The wingspan is 14–20 mm for males and 13.5–19 mm for females.

Hudson described the larva of this species as follows:

The larva, which lives under the scales of the bark of Rimu trees (Dacrydium cupressinum), is about 1/2 inch in length, stout with a horny dark brown head and two horny plates on the second segment. The rest of the body is dull yellowish-brown with six rows of horny warts each emitting a long bristle.

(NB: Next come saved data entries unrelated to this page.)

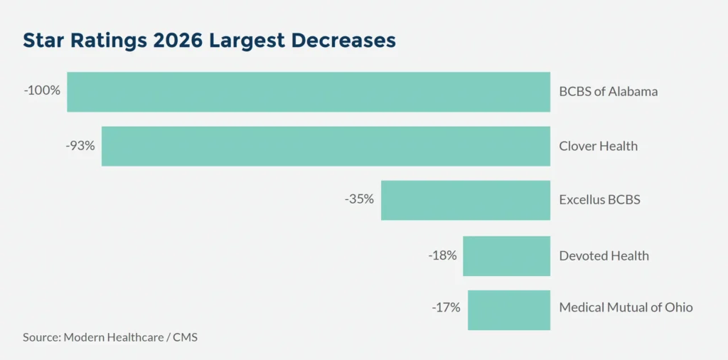 - Only 62% of members are in 4-Star plans, down from 74% in 2024.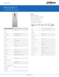VTO1210C-X - Ficha Técnica Dahua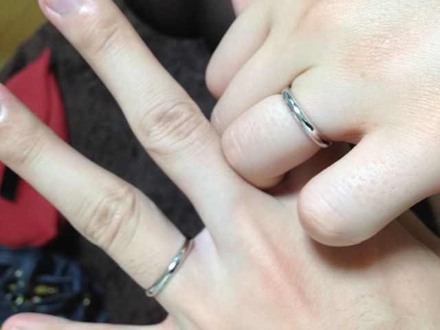 個人的にはエタニティリングのデザインがカワイイと思っていたのですが、せっかくの結婚指輪なので旦那さんとお揃いでつけられるということに重点をおいて、最終的にはこの指輪に決めました。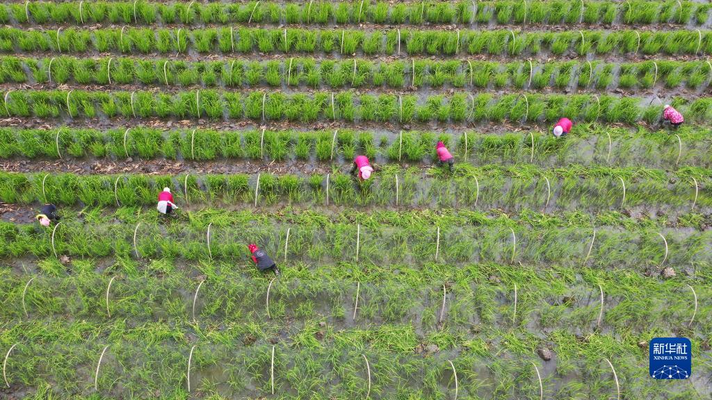 2月23日,浙江省溫嶺市新河鎮高橋頭村農民進(jìn)行茭白秧苗春季管理(無(wú)人機照片)。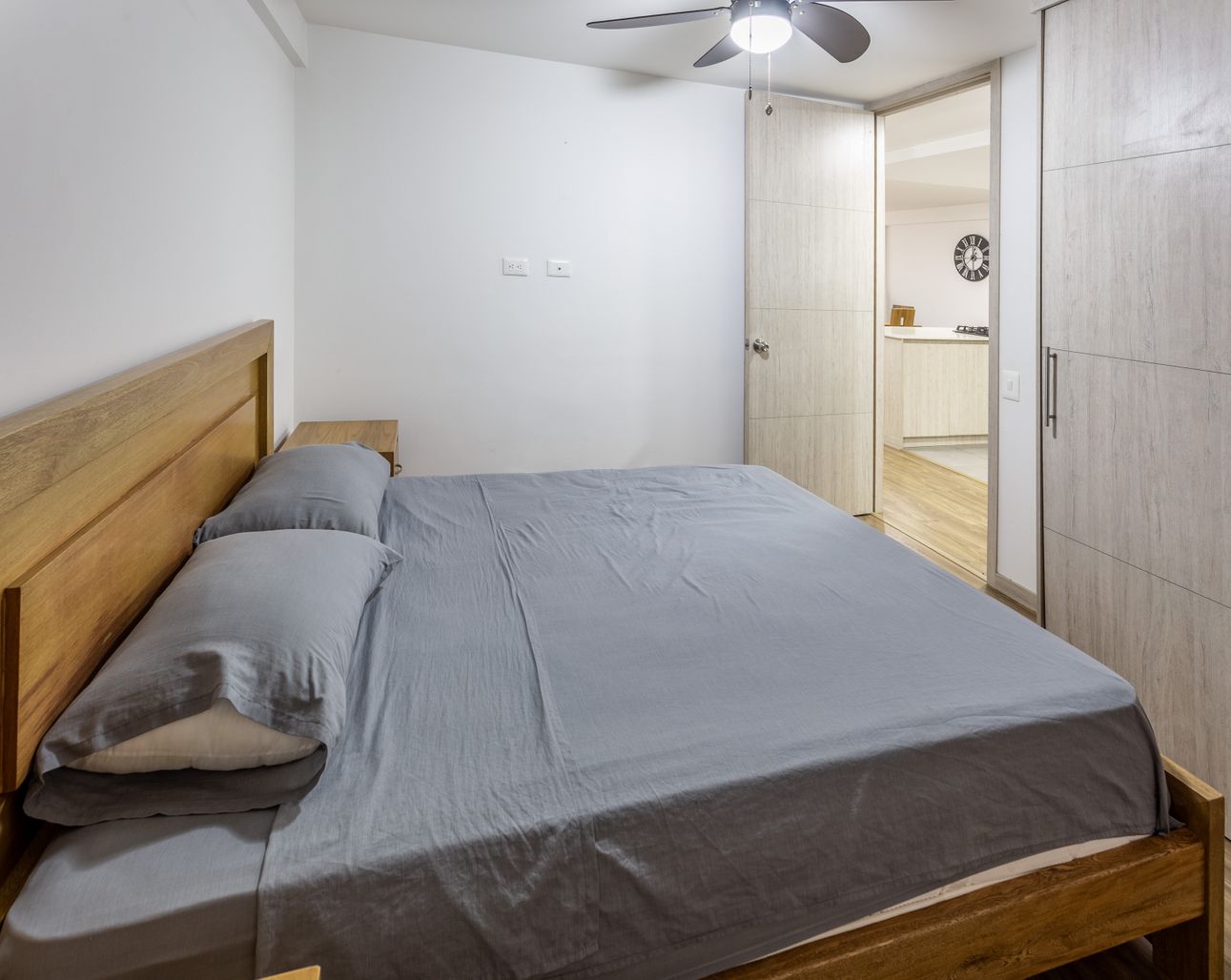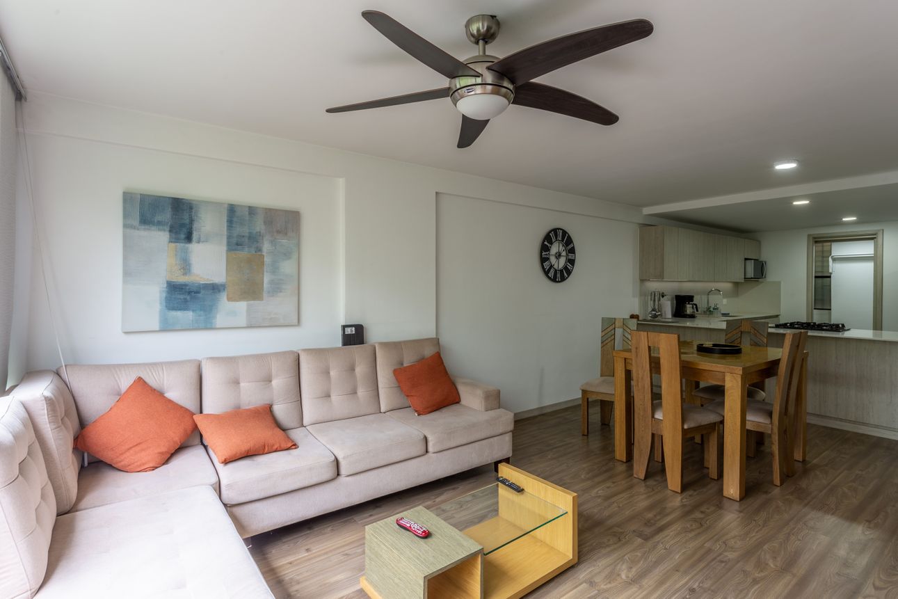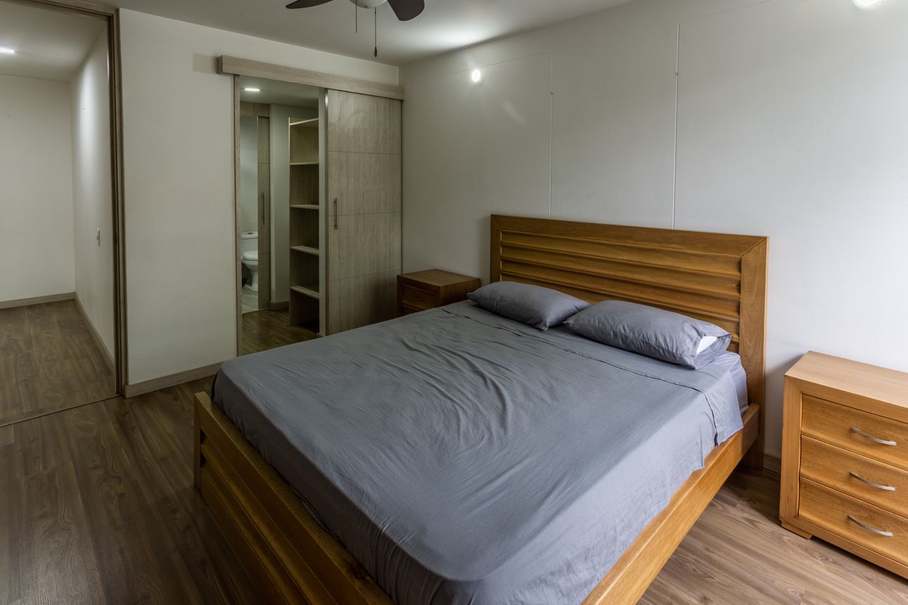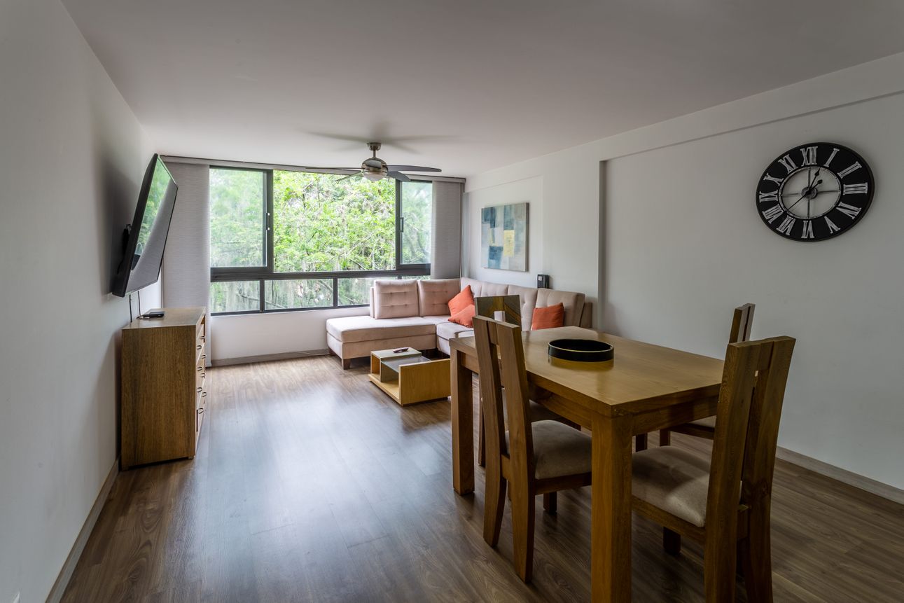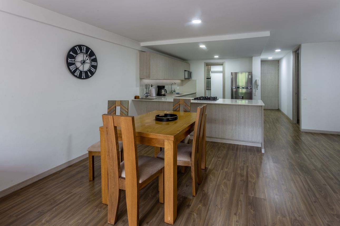 El apartamento se distingue por su amplia cocina estilo americano remodelada, incluyendo una isla. La madera laminada le da al espacio un toque sofisticado y moderno, y combinada con el gas natural y otros electrodomésticos, garantiza una experiencia confortable. Este hogar de dos habitaciones también ofrece un closet de vestidor, un cuarto de lavandería y un parqueadero. La seguridad con servicio de portería y guardia de seguridad las 24 horas.

Hudson described the adult of this species as follows:

The expansion of the wings is about 1/2 inch. The fore-wings are rather narrow with the termen oblique, dull bluish-grey irregularly speckled with black and with white markings; there is a dark basal patch; a rather broad, curved, white band from the costa at about 1/4; a very indefinite darker central band; an indistinct whitish line from 2/3 of the costa to the tornus; there are three or four small black marks in the disc before the middle; a black spot beyond the middle and a much fainter spot before the apex; a series of marginal dots extend from the costa at about 3/4 to the tornus. The hind-wings are greyish-ochreous, darker towards the apex and termen.

This species is very similar in appearance to its close relation I. gekkonella. The most accurate way to confirm the identity of specimens is by dissection of the male genitalia as I. convulsella has a comb like structure in the reproductive organ of the males of the species. Generally I. convulsella is slightly larger than I. gekkonella and has fewer yellow-tipped grey scales and so has a more white and grey appearance in comparison to the I. gokkonella which, as a result of having a larger quantity of these scales, has a more brownish appearance. I. convulsella also has lighter coloured hindwings in comparison to I. gekkonella.

== Distribution ==
This species is endemic to New Zealand. It is widespread in the eastern part of the South Island. In the North Island, it has only been recorded from Wellington, Ōtaki, Palmerston North, Taihape and Waipawa. This species is not found in Auckland.

==Behaviour==
Adults are on wing from late September to February.

== Host species ==
Larvae have been recorded living under the bark of Dacrydium cupressinum. The true food plant may be lichens growing on the bark.